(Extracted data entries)

☆ ☆ ☆ ☆ ☆

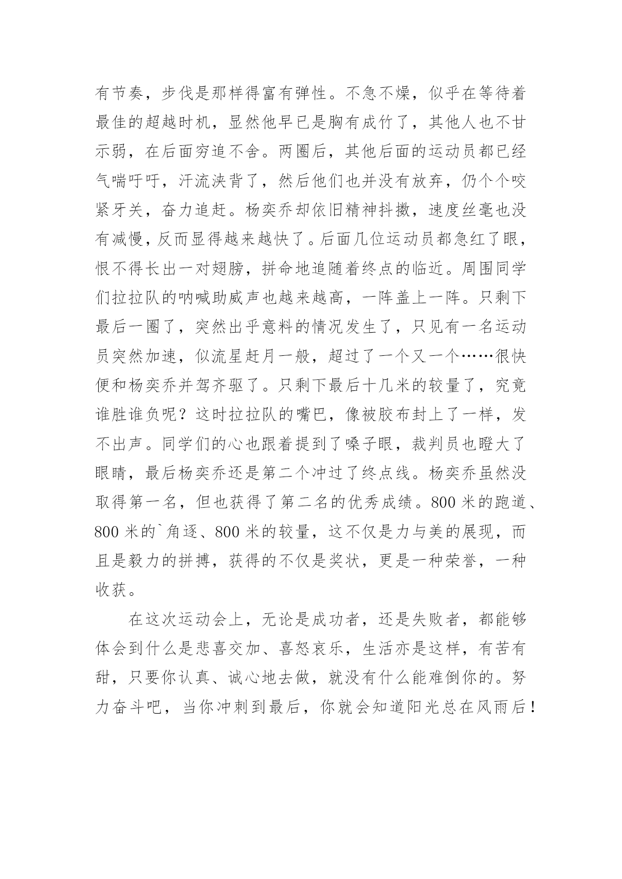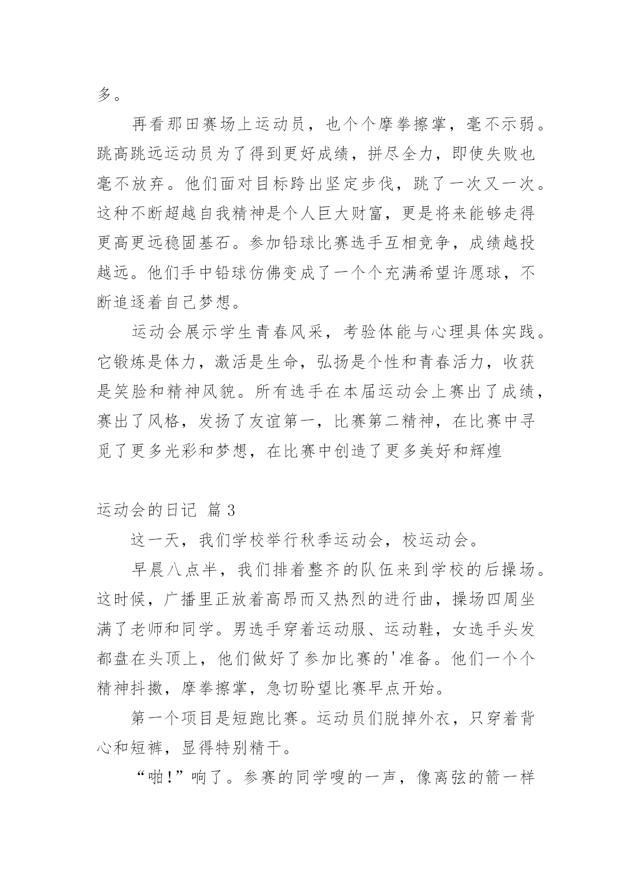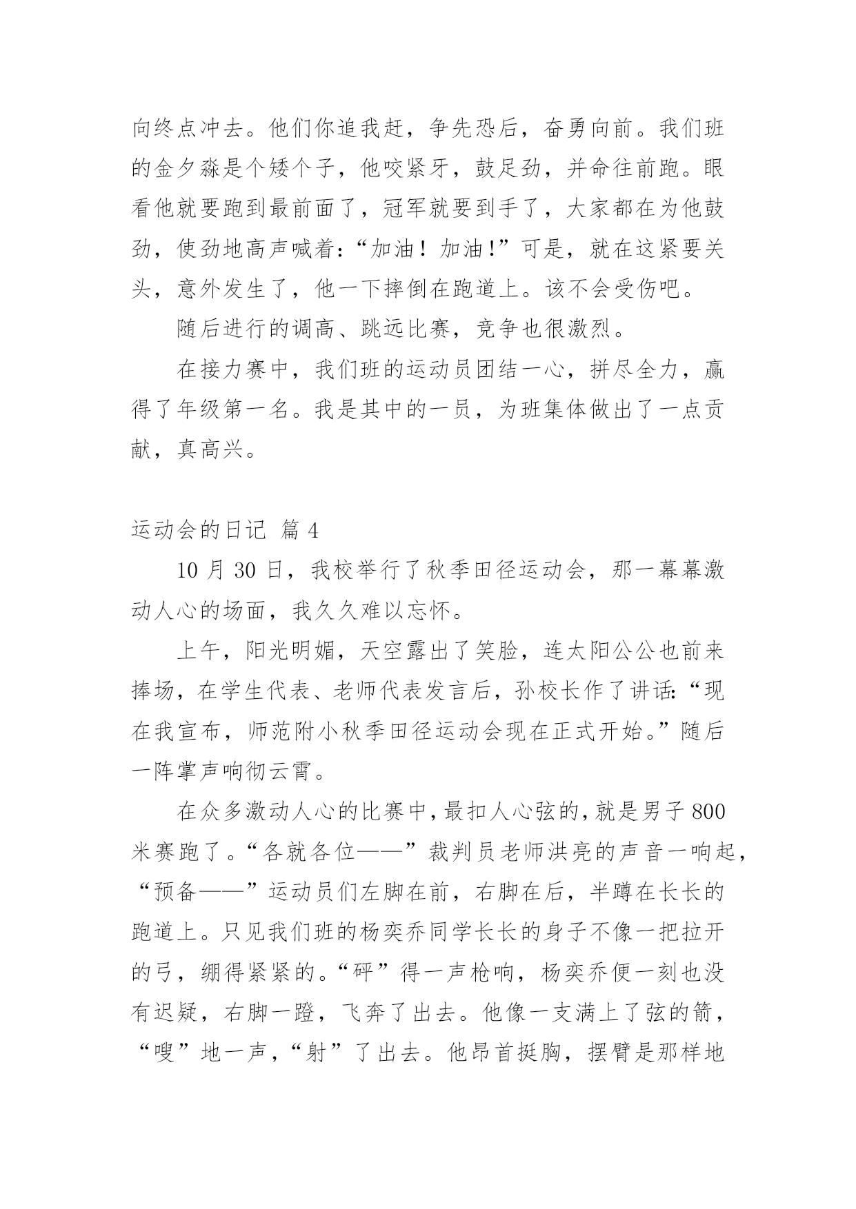 运动会的日记运动会的日记4篇(推荐)一天的时间即将结束了,相信大家这一天里都收获颇丰吧,想必是时候写一篇日记了。好的日记都具备一些什么特点呢?下面是小编整理的运动会的日记5篇,欢迎阅读,希望大家能够喜欢。运动会的日记篇1今天下午要举行趣味运动会,自打听了这个消息,同学们都开始窃窃私语……到了下午,比赛终于开始了。先是女生比,女生跑时,我扯着嗓子喊:“加油!加油!跑快点儿,加油!”但是结果却出乎意料,女生没能得第一,所以大家把希望寄托到我们男生身上。快到我们男生了,我们个个精神饱满,摩拳擦掌。到我们了,第一个跑的是王愚,他腿长,优势比较明显,但还是被别人超过了。到我时,我拼尽全力,听着大家的`加油声,我心中只有一个念头:跑、跑、跑,使劲地跑,拼命地跑,决不给班级丢脸。我像一头小牛犊拼命狂奔起来,幸好我没有被超过。回到班里,我拼命地喊加油,喊得我脸红脖子粗,嗓子都哑了。“看,范严森,他要超过一班了,超过了,超过了……”我们班全部沸腾了。趣味运动会结束了,我们是第一,尽管学校没有宣布成绩,但我们早已心花怒放了。运动会的日记篇2在这秋高气爽九月里,我们迎着秋日阳光,伴随着收获季节,迎来了欢快精彩校运动会。一大早,全校师生就来到了运动场,他们有安排场地,有整理服装,有安放运动器材,忙得不亦乐乎,原本寂静赛场一下子热闹起来。随着宣布运动会正式开始,各班队伍依次入场。此时进行曲骤然响起,一个又一个班级排着整齐队形,大踏步向主席台走来。他们个个衣着鲜艳,面带笑容,昂首阔步,展示出青年特有朝气与活力。当大会宣布运动比赛正式开始,整个赛场顿时沸腾起来,加油助威声此起彼伏,络绎不绝。你看那径赛场上运动员,一个个如矫兔般飞离起点,像利箭般冲向终点,引得在场观众兴奋不已。不论选手是否获得第一,他们都会得到观众赞美和鼓励。因为在观众心中,这些运动员都发挥出了不屈不挠,顽强拼搏体育精神,他们是运动场上英雄,是贸易学校“刘翔”。女子800米和男子1500米是考验选手体力和毅力项目。它虽然不如短跑那样让人兴奋,令人激动,但是绝对比短跑更加让人感动。在比赛中,选手要面临不仅是身体上考验,更是心理上考验。参加这个项目运动员真正体现了努力拼搏,永不服输运动精神,它给我们感受远比成绩要丰富多。再看那田赛场上运动员,也个个摩拳擦掌,毫不示弱。跳高跳远运动员为了得到更好成绩,拼尽全力,即使失败也毫不放弃。他们面对目标跨出坚定步伐,跳了一次又一次。这种不断超越自我精神是个人巨大财富,更是将来能够走得更高更远稳固基石。参加铅球比赛选手互相竞争,成绩越投越远。他们手中铅球仿佛变成了一个个充满希望许愿球,不断追逐着自己梦想。运动会展示学生青春风采,考验体能与心理具体实践。它锻炼是体力,激活是生命,弘扬是个性和青春活力,收获是笑脸和精神风貌。所有选手在本届运动会上赛出了成绩,赛出了风格,发扬了友谊第一,比赛第二精神,在比赛中寻觅了更多光彩和梦想,在比赛中创造了更多美好和辉煌运动会的日记篇3这一天,我们学校举行秋季运动会,校运动会。早晨八点半,我们排着整齐的队伍来到学校的后操场。这时候,广播里正放着高昂而又热烈的进行曲,操场四周坐满了老师和同学。男选手穿着运动服、运动鞋,女选手头发都盘在头顶上,他们做好了参加比赛的'准备。他们一个个精神抖擞,摩拳擦掌,急切盼望比赛早点开始。第一个项目是短跑比赛。运动员们脱掉外衣,只穿着背心和短裤,显得特别精干。“啪!”响了。参赛的同学嗖的一声,像离弦的箭一样向终点冲去。他们你追我赶,争先恐后,奋勇向前。我们班的金夕淼是个矮个子,他咬紧牙,鼓足劲,并命往前跑。眼看他就要跑到最前面了,冠军就要到手了,大家都在为他鼓劲,使劲地高声喊着:“加油!加油!”可是,就在这紧要关头,意外发生了,他一下摔倒在跑道上。该不会受伤吧。随后进行的调高、跳远比赛,竞争也很激烈。在接力赛中,我们班的运动员团结一心,拼尽全力,赢得了年级第一名。我是其中的一员,为班集体做出了一点贡献,真高兴。运动会的日记篇410月30日,我校举行了秋季田径运动会,那一幕幕激动人心的场面,我久久难以忘怀。上午,阳光明媚,天空露出了笑脸,连太阳公公也前来捧场,在学生代表、老师代表发言后,孙校长作了讲话:“现在我宣布,师范附小秋季田径运动会现在正式开始。”随后一阵掌声响彻云霄。在众多激动人心的比赛中,最扣人心弦的,就是男子800米赛跑了。“各就各位——”裁判员老师洪亮的声音一响起,“预备——”运动员们左脚在前,右脚在后,半蹲在长长的跑道上。只见我们班的杨奕乔同学长长的身子不像一把拉开的弓,绷得紧紧的。“砰”得一声枪响,杨奕乔便一刻也没有迟疑,右脚一蹬,飞奔了出去。他像一支满上了弦的箭,“嗖”地一声,“射”了出去。他昂首挺胸,摆臂是那样地有节奏,步伐是那样得富有弹性。不急不燥,似乎在等待着最佳的超越时
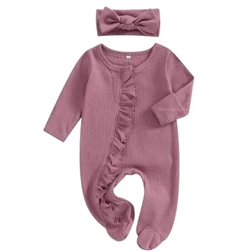 Show moreIntroducing the Ayalinggo Newborn Baby Girl Fall Winter Outfit—the ultimate fusion of comfort and style designed for your little princess! Crafted from high-quality, 100% organic cotton, this adorable jumpsuit promises to keep your baby snug and warm during the colder months. Its charming ruffled detailing on the side adds a touch of playful elegance while the easy snap buttons at the bottom make dressing a breeze for parents. Styled in a delightful purple hue, this jumpsuit also boasts textured cable-knit footies that feature mitten cuffs, ensuring tiny hands are kept warm and cozy.
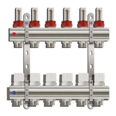 Коллекторная группа для теплого пола Tim латунная с расходомерами предназначена для распределения теплоносителя по контурам теплого пола. Коллектор имеет ручную регулировку с возможностью установки сервоприводов с резьбой М30х1,5 для управления теплым полом с помощью автоматики (программатор, термостат).
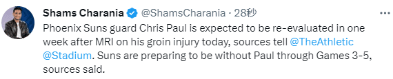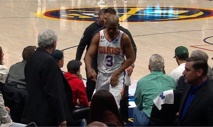 在太阳和掘金西部半决赛G2第三节5分多钟,保罗在禁区和波普争夺篮板时不幸受伤,腹股沟受伤后捂着裆部返回更衣室接受检查,之后太阳官方宣布,保罗因腹股沟紧张退出比赛;保罗伤退后太阳崩盘,末节被掘金打出21-8攻势,最终太阳输掉G2,系列赛总比分0-2落后陷入困境。
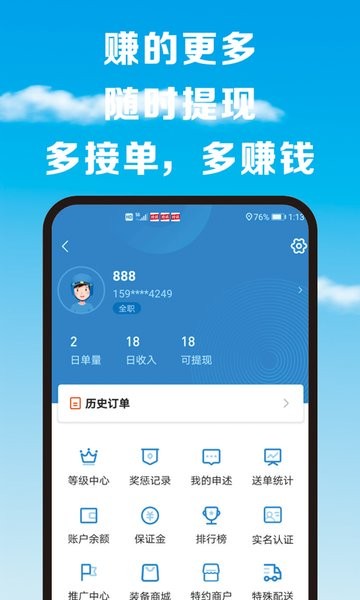 【即时结算】每单实时结算,收入透明,随时提现。
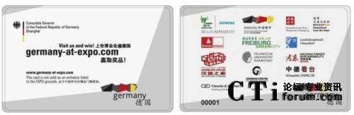 CTI論壇(ctiforum)5月17日消息(記者 潘婷婷):2010年5月,世人矚目的上海世博會已經(jīng)隆重開幕,德國館是其中的大熱門之一。想一睹德國館的風采,一般都需要排2~3個小時的長隊。而觀眾可能不知道除了德國國家館外,德國還有多個城市在浦西的城市最佳實踐區(qū)展出。為了讓觀眾更好、更全面地體驗德國參展的所有活動,德國駐上?傤I事館聯(lián)手智能卡領域的專家捷德公司共同推出了德國館智能參觀卡,觀眾只需持卡參觀德國的其他相關展區(qū)后,就可以不用排隊進入德國國家館了。

☆ ☆ ☆ ☆ ☆

PROBLEM
A verbatim copy of every entry above, with no pictures, is the expected output.

RESULT OF THIS EXERCISE
 运动会的日记运动会的日记4篇(推荐)一天的时间即将结束了,相信大家这一天里都收获颇丰吧,想必是时候写一篇日记了。好的日记都具备一些什么特点呢?下面是小编整理的运动会的日记5篇,欢迎阅读,希望大家能够喜欢。运动会的日记篇1今天下午要举行趣味运动会,自打听了这个消息,同学们都开始窃窃私语……到了下午,比赛终于开始了。先是女生比,女生跑时,我扯着嗓子喊:“加油!加油!跑快点儿,加油!”但是结果却出乎意料,女生没能得第一,所以大家把希望寄托到我们男生身上。快到我们男生了,我们个个精神饱满,摩拳擦掌。到我们了,第一个跑的是王愚,他腿长,优势比较明显,但还是被别人超过了。到我时,我拼尽全力,听着大家的`加油声,我心中只有一个念头:跑、跑、跑,使劲地跑,拼命地跑,决不给班级丢脸。我像一头小牛犊拼命狂奔起来,幸好我没有被超过。回到班里,我拼命地喊加油,喊得我脸红脖子粗,嗓子都哑了。“看,范严森,他要超过一班了,超过了,超过了……”我们班全部沸腾了。趣味运动会结束了,我们是第一,尽管学校没有宣布成绩,但我们早已心花怒放了。运动会的日记篇2在这秋高气爽九月里,我们迎着秋日阳光,伴随着收获季节,迎来了欢快精彩校运动会。一大早,全校师生就来到了运动场,他们有安排场地,有整理服装,有安放运动器材,忙得不亦乐乎,原本寂静赛场一下子热闹起来。随着宣布运动会正式开始,各班队伍依次入场。此时进行曲骤然响起,一个又一个班级排着整齐队形,大踏步向主席台走来。他们个个衣着鲜艳,面带笑容,昂首阔步,展示出青年特有朝气与活力。当大会宣布运动比赛正式开始,整个赛场顿时沸腾起来,加油助威声此起彼伏,络绎不绝。你看那径赛场上运动员,一个个如矫兔般飞离起点,像利箭般冲向终点,引得在场观众兴奋不已。不论选手是否获得第一,他们都会得到观众赞美和鼓励。因为在观众心中,这些运动员都发挥出了不屈不挠,顽强拼搏体育精神,他们是运动场上英雄,是贸易学校“刘翔”。女子800米和男子1500米是考验选手体力和毅力项目。它虽然不如短跑那样让人兴奋,令人激动,但是绝对比短跑更加让人感动。在比赛中,选手要面临不仅是身体上考验,更是心理上考验。参加这个项目运动员真正体现了努力拼搏,永不服输运动精神,它给我们感受远比成绩要丰富多。再看那田赛场上运动员,也个个摩拳擦掌,毫不示弱。跳高跳远运动员为了得到更好成绩,拼尽全力,即使失败也毫不放弃。他们面对目标跨出坚定步伐,跳了一次又一次。这种不断超越自我精神是个人巨大财富,更是将来能够走得更高更远稳固基石。参加铅球比赛选手互相竞争,成绩越投越远。他们手中铅球仿佛变成了一个个充满希望许愿球,不断追逐着自己梦想。运动会展示学生青春风采,考验体能与心理具体实践。它锻炼是体力,激活是生命,弘扬是个性和青春活力,收获是笑脸和精神风貌。所有选手在本届运动会上赛出了成绩,赛出了风格,发扬了友谊第一,比赛第二精神,在比赛中寻觅了更多光彩和梦想,在比赛中创造了更多美好和辉煌运动会的日记篇3这一天,我们学校举行秋季运动会,校运动会。早晨八点半,我们排着整齐的队伍来到学校的后操场。这时候,广播里正放着高昂而又热烈的进行曲,操场四周坐满了老师和同学。男选手穿着运动服、运动鞋,女选手头发都盘在头顶上,他们做好了参加比赛的'准备。他们一个个精神抖擞,摩拳擦掌,急切盼望比赛早点开始。第一个项目是短跑比赛。运动员们脱掉外衣,只穿着背心和短裤,显得特别精干。“啪!”响了。参赛的同学嗖的一声,像离弦的箭一样向终点冲去。他们你追我赶,争先恐后,奋勇向前。我们班的金夕淼是个矮个子,他咬紧牙,鼓足劲,并命往前跑。眼看他就要跑到最前面了,冠军就要到手了,大家都在为他鼓劲,使劲地高声喊着:“加油!加油!”可是,就在这紧要关头,意外发生了,他一下摔倒在跑道上。该不会受伤吧。随后进行的调高、跳远比赛,竞争也很激烈。在接力赛中,我们班的运动员团结一心,拼尽全力,赢得了年级第一名。我是其中的一员,为班集体做出了一点贡献,真高兴。运动会的日记篇410月30日,我校举行了秋季田径运动会,那一幕幕激动人心的场面,我久久难以忘怀。上午,阳光明媚,天空露出了笑脸,连太阳公公也前来捧场,在学生代表、老师代表发言后,孙校长作了讲话:“现在我宣布,师范附小秋季田径运动会现在正式开始。”随后一阵掌声响彻云霄。在众多激动人心的比赛中,最扣人心弦的,就是男子800米赛跑了。“各就各位——”裁判员老师洪亮的声音一响起,“预备——”运动员们左脚在前,右脚在后,半蹲在长长的跑道上。只见我们班的杨奕乔同学长长的身子不像一把拉开的弓,绷得紧紧的。“砰”得一声枪响,杨奕乔便一刻也没有迟疑,右脚一蹬,飞奔了出去。他像一支满上了弦的箭,“嗖”地一声,“射”了出去。他昂首挺胸,摆臂是那样地有节奏,步伐是那样得富有弹性。不急不燥,似乎在等待着最佳的超越时
 Show moreIntroducing the Ayalinggo Newborn Baby Girl Fall Winter Outfit—the ultimate fusion of comfort and style designed for your little princess! Crafted from high-quality, 100% organic cotton, this adorable jumpsuit promises to keep your baby snug and warm during the colder months. Its charming ruffled detailing on the side adds a touch of playful elegance while the easy snap buttons at the bottom make dressing a breeze for parents. Styled in a delightful purple hue, this jumpsuit also boasts textured cable-knit footies that feature mitten cuffs, ensuring tiny hands are kept warm and cozy.
 Коллекторная группа для теплого пола Tim латунная с расходомерами предназначена для распределения теплоносителя по контурам теплого пола. Коллектор имеет ручную регулировку с возможностью установки сервоприводов с резьбой М30х1,5 для управления теплым полом с помощью автоматики (программатор, термостат).
 在太阳和掘金西部半决赛G2第三节5分多钟,保罗在禁区和波普争夺篮板时不幸受伤,腹股沟受伤后捂着裆部返回更衣室接受检查,之后太阳官方宣布,保罗因腹股沟紧张退出比赛;保罗伤退后太阳崩盘,末节被掘金打出21-8攻势,最终太阳输掉G2,系列赛总比分0-2落后陷入困境。
 【即时结算】每单实时结算,收入透明,随时提现。
 CTI論壇(ctiforum)5月17日消息(記者 潘婷婷):2010年5月,世人矚目的上海世博會已經(jīng)隆重開幕,德國館是其中的大熱門之一。想一睹德國館的風采,一般都需要排2~3個小時的長隊。而觀眾可能不知道除了德國國家館外,德國還有多個城市在浦西的城市最佳實踐區(qū)展出。為了讓觀眾更好、更全面地體驗德國參展的所有活動,德國駐上?傤I事館聯(lián)手智能卡領域的專家捷德公司共同推出了德國館智能參觀卡,觀眾只需持卡參觀德國的其他相關展區(qū)后,就可以不用排隊進入德國國家館了。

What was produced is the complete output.